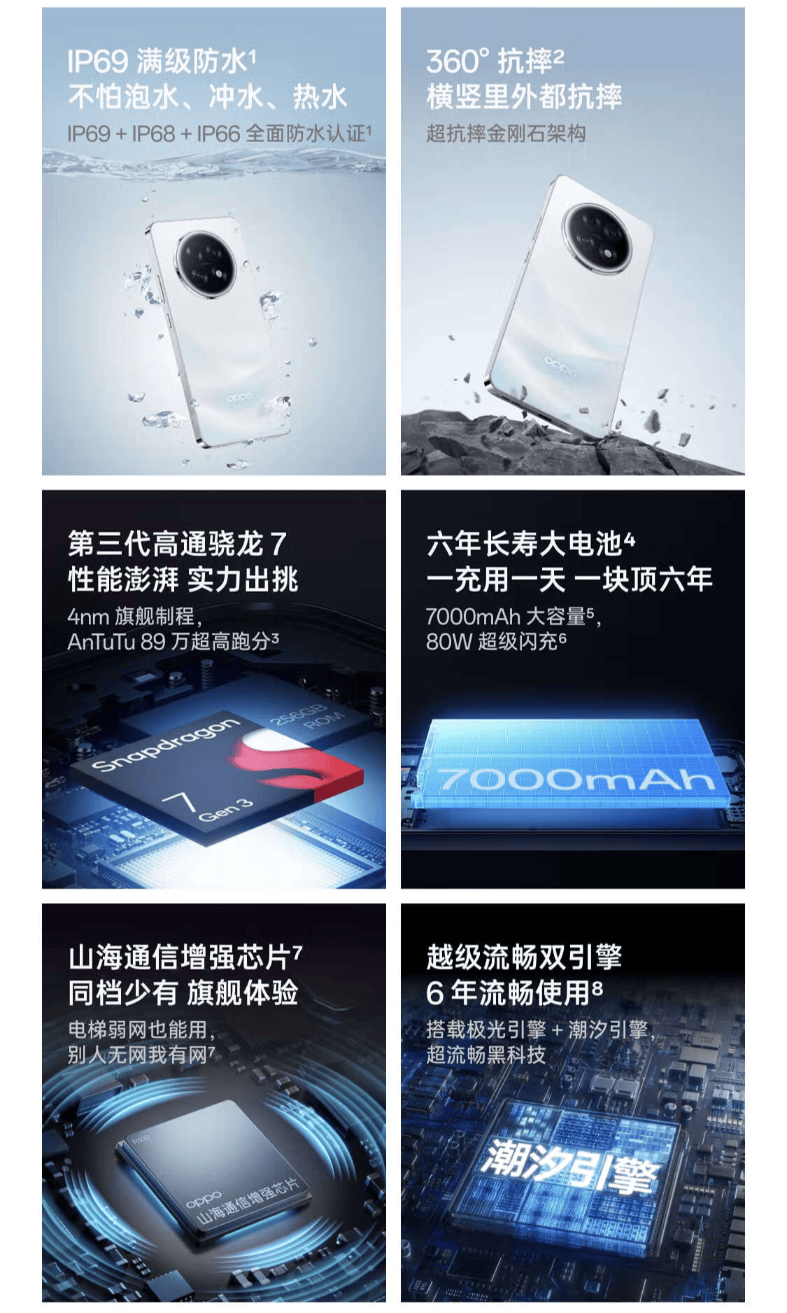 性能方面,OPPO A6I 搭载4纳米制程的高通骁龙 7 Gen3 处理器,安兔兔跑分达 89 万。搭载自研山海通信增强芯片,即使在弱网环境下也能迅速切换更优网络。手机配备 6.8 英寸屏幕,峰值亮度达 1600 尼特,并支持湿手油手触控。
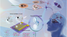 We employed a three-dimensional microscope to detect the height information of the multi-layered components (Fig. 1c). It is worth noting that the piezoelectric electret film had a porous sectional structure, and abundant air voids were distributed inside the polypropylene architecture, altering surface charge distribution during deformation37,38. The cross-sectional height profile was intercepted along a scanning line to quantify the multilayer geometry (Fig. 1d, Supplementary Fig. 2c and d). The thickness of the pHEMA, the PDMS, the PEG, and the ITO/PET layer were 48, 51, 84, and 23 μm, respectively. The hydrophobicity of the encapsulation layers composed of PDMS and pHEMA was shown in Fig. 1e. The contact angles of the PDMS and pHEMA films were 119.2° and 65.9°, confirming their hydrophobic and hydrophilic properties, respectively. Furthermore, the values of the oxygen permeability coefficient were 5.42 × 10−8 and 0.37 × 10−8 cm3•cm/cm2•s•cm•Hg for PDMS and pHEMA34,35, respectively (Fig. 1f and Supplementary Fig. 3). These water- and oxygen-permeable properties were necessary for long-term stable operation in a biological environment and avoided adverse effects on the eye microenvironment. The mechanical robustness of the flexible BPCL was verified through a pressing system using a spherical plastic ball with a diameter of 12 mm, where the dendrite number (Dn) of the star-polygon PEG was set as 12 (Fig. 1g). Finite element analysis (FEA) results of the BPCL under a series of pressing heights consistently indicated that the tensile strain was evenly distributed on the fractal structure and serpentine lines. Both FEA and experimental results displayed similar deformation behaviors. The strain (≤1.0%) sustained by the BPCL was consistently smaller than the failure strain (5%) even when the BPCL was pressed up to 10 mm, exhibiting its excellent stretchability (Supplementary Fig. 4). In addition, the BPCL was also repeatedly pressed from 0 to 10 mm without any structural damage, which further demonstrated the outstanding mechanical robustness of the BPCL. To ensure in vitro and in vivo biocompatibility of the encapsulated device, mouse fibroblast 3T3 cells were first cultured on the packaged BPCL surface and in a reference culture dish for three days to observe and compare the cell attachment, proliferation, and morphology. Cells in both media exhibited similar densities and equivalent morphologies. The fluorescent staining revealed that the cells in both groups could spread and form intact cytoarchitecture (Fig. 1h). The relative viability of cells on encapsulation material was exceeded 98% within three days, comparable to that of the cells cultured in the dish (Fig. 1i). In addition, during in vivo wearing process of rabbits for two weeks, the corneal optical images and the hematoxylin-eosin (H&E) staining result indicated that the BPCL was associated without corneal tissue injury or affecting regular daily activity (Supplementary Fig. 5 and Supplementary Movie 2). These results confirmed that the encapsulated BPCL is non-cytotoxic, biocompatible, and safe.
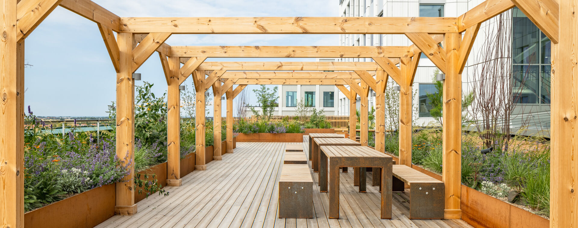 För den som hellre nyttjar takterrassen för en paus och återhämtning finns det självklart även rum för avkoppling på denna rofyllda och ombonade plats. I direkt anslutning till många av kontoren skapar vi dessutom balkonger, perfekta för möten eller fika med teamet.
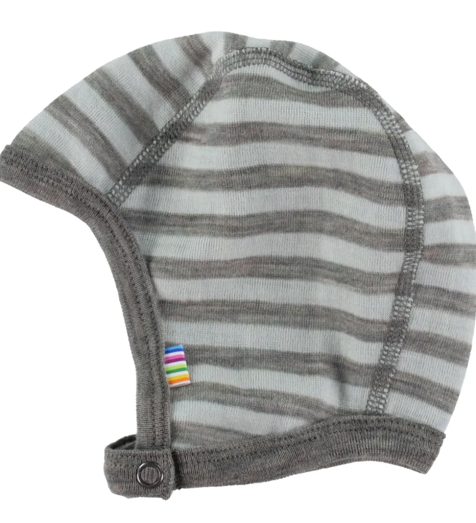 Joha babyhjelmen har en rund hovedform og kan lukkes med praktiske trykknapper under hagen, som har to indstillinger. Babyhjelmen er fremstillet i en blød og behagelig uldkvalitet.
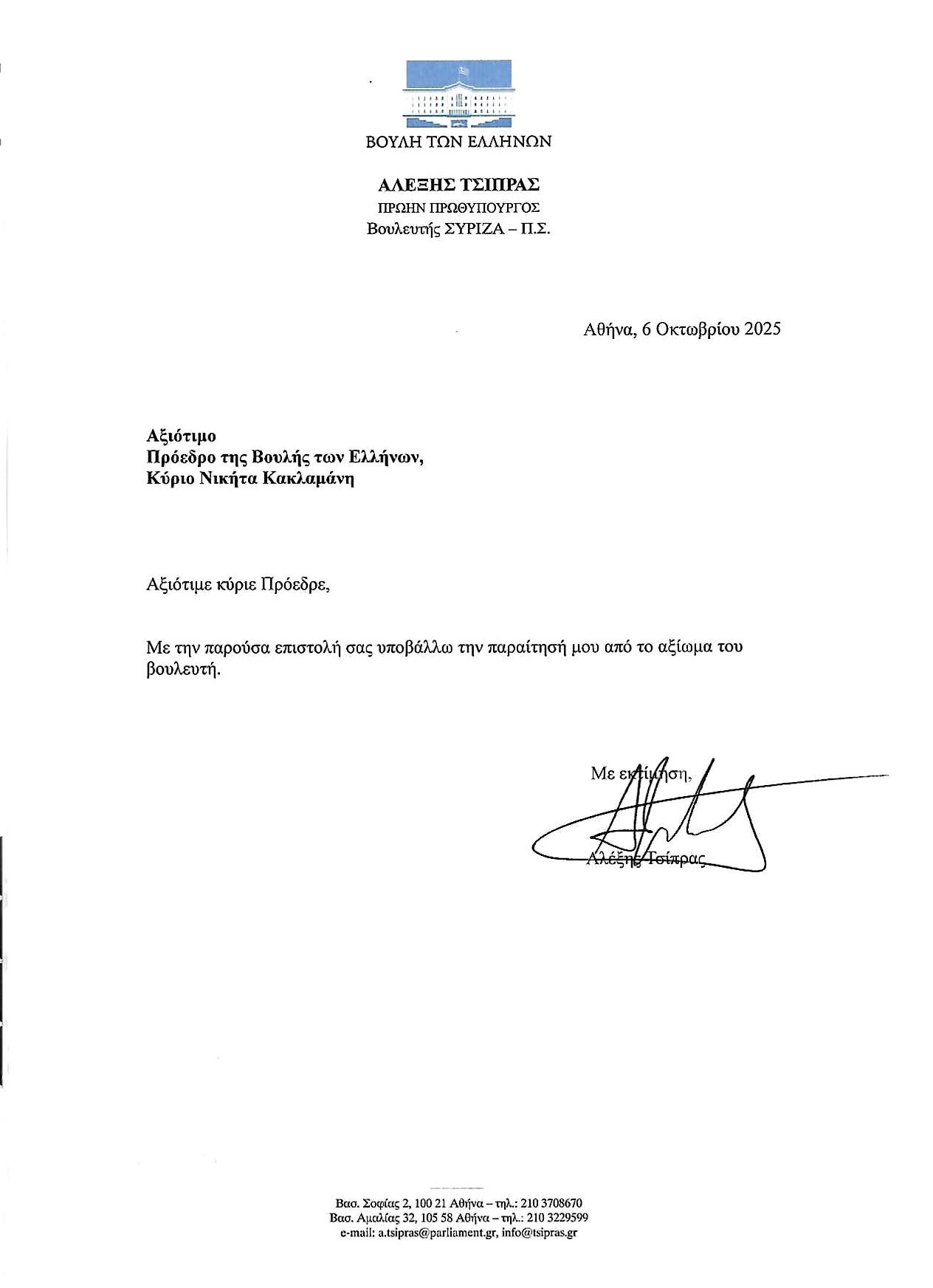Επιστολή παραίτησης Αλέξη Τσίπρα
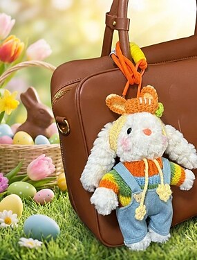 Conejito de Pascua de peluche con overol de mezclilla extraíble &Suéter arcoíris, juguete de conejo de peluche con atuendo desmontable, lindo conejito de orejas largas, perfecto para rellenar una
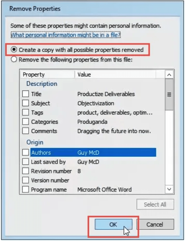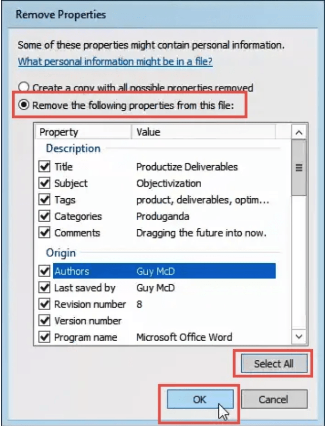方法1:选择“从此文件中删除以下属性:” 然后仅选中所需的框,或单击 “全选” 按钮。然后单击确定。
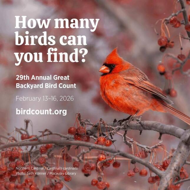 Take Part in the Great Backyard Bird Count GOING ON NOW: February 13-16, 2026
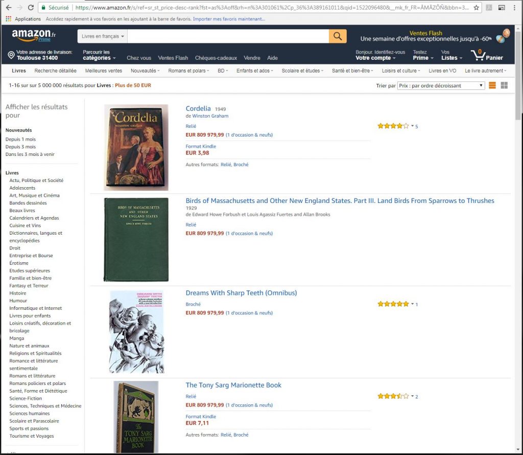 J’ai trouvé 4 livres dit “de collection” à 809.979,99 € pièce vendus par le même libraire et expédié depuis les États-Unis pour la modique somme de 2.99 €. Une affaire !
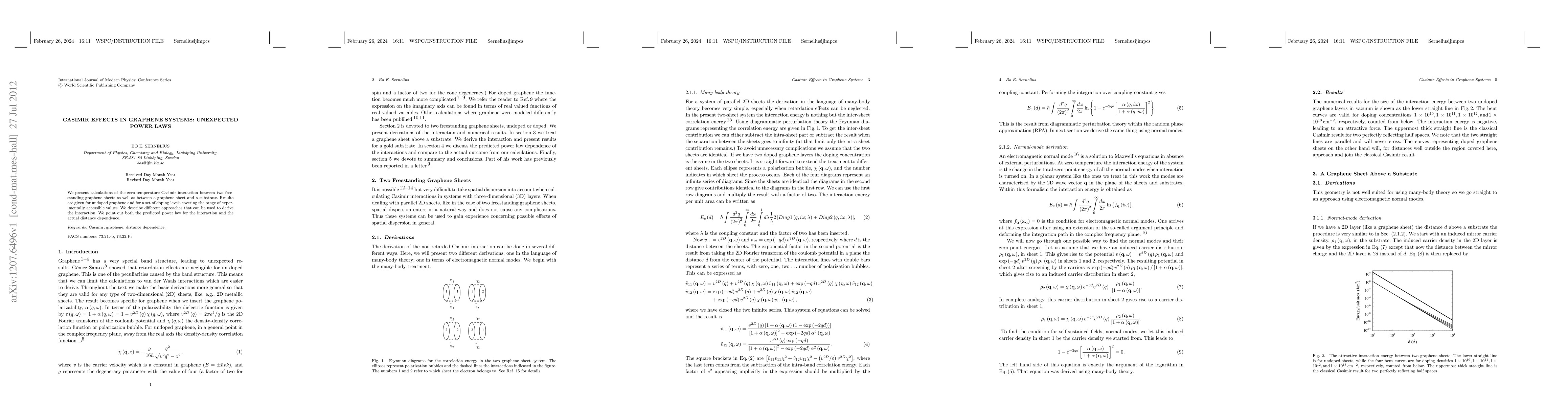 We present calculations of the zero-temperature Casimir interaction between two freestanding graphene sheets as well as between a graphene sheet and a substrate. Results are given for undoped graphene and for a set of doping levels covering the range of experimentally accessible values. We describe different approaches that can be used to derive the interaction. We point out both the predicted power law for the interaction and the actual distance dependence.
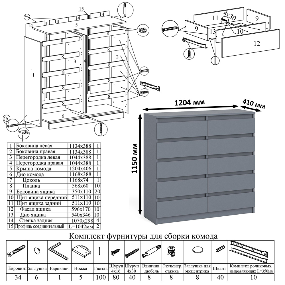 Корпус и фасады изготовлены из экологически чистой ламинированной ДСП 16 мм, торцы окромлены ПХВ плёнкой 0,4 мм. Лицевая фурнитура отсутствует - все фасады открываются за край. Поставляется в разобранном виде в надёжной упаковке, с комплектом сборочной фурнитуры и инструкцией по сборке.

###

▶ [Work instruction] Take the lines above starting at the one containing "Joha babyhjelmen har" and ending at the one containing "J’ai trouvé 4", and print them again exactly, without pictures.

▶ [Exercise output]
 Joha babyhjelmen har en rund hovedform og kan lukkes med praktiske trykknapper under hagen, som har to indstillinger. Babyhjelmen er fremstillet i en blød og behagelig uldkvalitet.
Επιστολή παραίτησης Αλέξη Τσίπρα
 Conejito de Pascua de peluche con overol de mezclilla extraíble &Suéter arcoíris, juguete de conejo de peluche con atuendo desmontable, lindo conejito de orejas largas, perfecto para rellenar una
方法1:选择“从此文件中删除以下属性:” 然后仅选中所需的框,或单击 “全选” 按钮。然后单击确定。
 Take Part in the Great Backyard Bird Count GOING ON NOW: February 13-16, 2026
 J’ai trouvé 4 livres dit “de collection” à 809.979,99 € pièce vendus par le même libraire et expédié depuis les États-Unis pour la modique somme de 2.99 €. Une affaire !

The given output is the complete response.